Running Version: 6.9.2 and the parity check that I have scheduled to run every 90 days threw the following:

 

Last check completed on Sat 06 Jan 2024 07:08:41 PM PST (four days ago)
Finding 37756 errors Duration: 18 hours, 8 minutes, 40 seconds. Average speed: 153.1 MB/sec

 

I have a single 10TB parity drive and four 10TB drives in the array which is at 64.6% capacity. What would the next steps be in order to preserve all of the data on the array. I'm not sure how to figure out which drive(s) are failing / throwing the errors. I checked the individual drives SMART reports, and they all show as completed without errors.

 

No power outages to report as the server is connected to a UPS device.

 

Thanks.

 

Edited to add some parity check history for reference. No recent hardware changes

 

Date     Duration     Speed     Status     Errors

2024-01-06, 19:08:41 18 hr, 8 min, 40 sec 153.1 MB/s OK 37756

2023-10-07, 19:04:22 18 hr, 4 min, 20 sec 153.7 MB/s OK 0

2023-07-01, 19:04:26 18 hr, 4 min, 25 sec 153.7 MB/s OK 0

2023-04-01, 19:07:37 18 hr, 7 min, 36 sec 153.3 MB/s OK 0

2023-01-07, 19:05:34 18 hr, 5 min, 33 sec 153.5 MB/s OK 0

2022-10-01, 19:04:53 18 hr, 4 min, 52 sec 153.6 MB/s OK 0

Edited by propman07
Added parity check history
Link to comment

JorgeB- Got it.

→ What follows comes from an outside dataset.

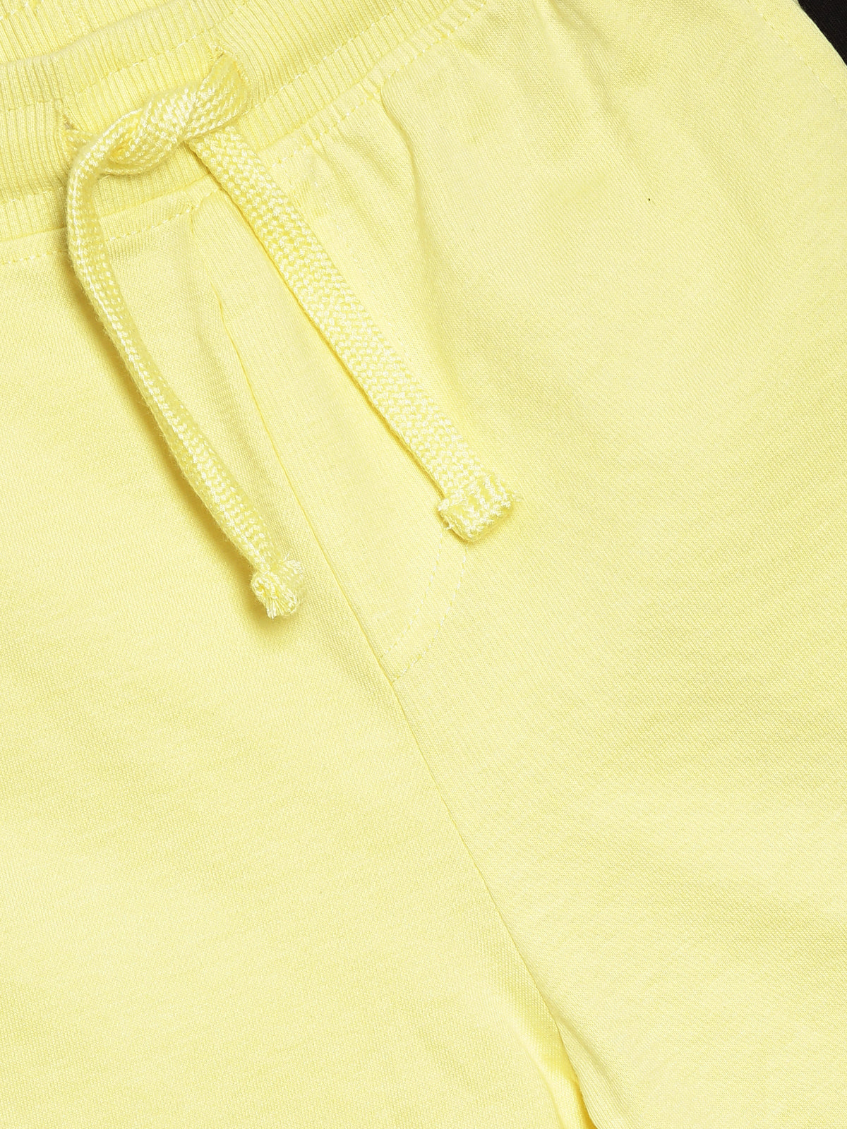 BOYS PACK OF 2 STRIPED AND COLOUR BLOCK 100% COTTON SHORTS - BLACK AND YELLOW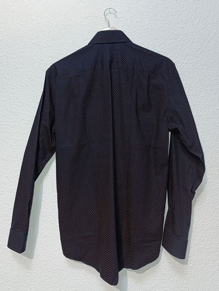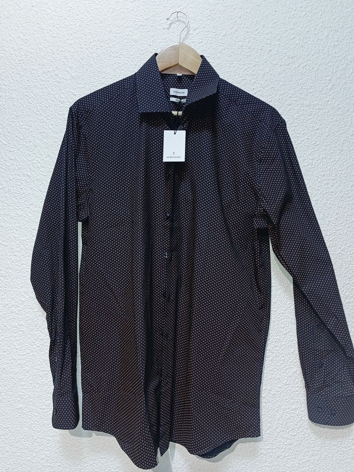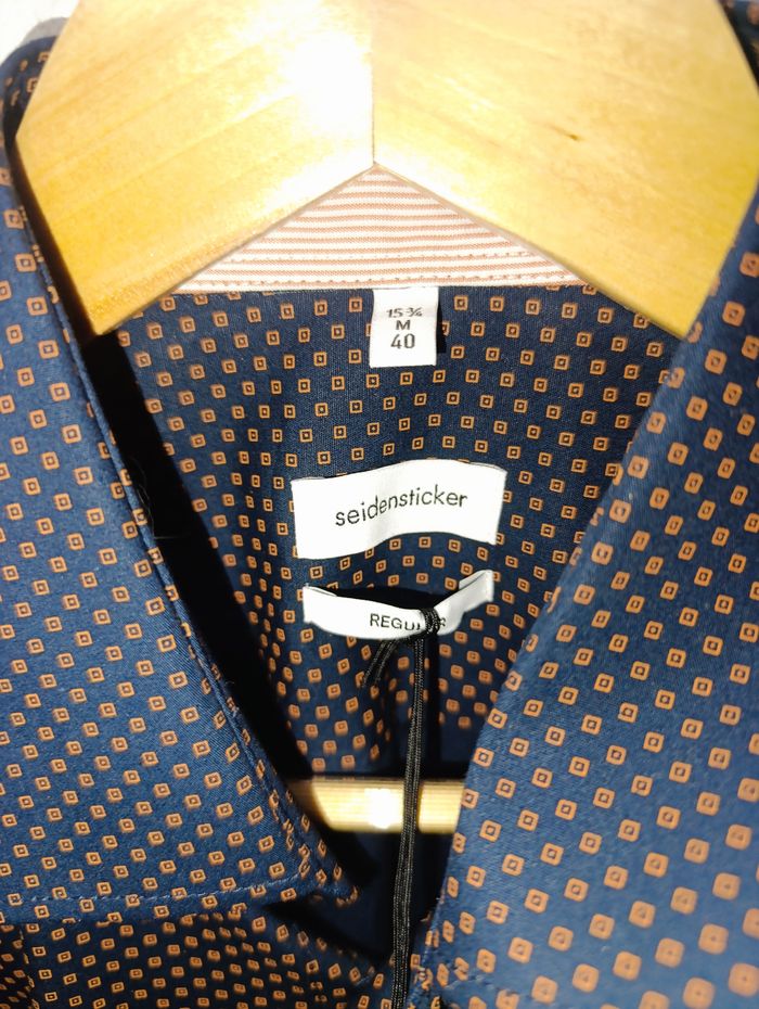 Chemise Seidensticker pour homme, bleu marine et marron à motif carré. Neuve avec étiquette, jamais portée. 100% coton. Taille M/40.

I'll work on ordering cables and run a parity check once I get them installed. If you wouldn't mind, could you point out what led you to believe that there were ATA errors in the log file? I'd like to learn more about troubleshooting these types of issues.

 

Thanks.

 

When I do perform the next parity check, should I select the box to write the corrections or leave it blank?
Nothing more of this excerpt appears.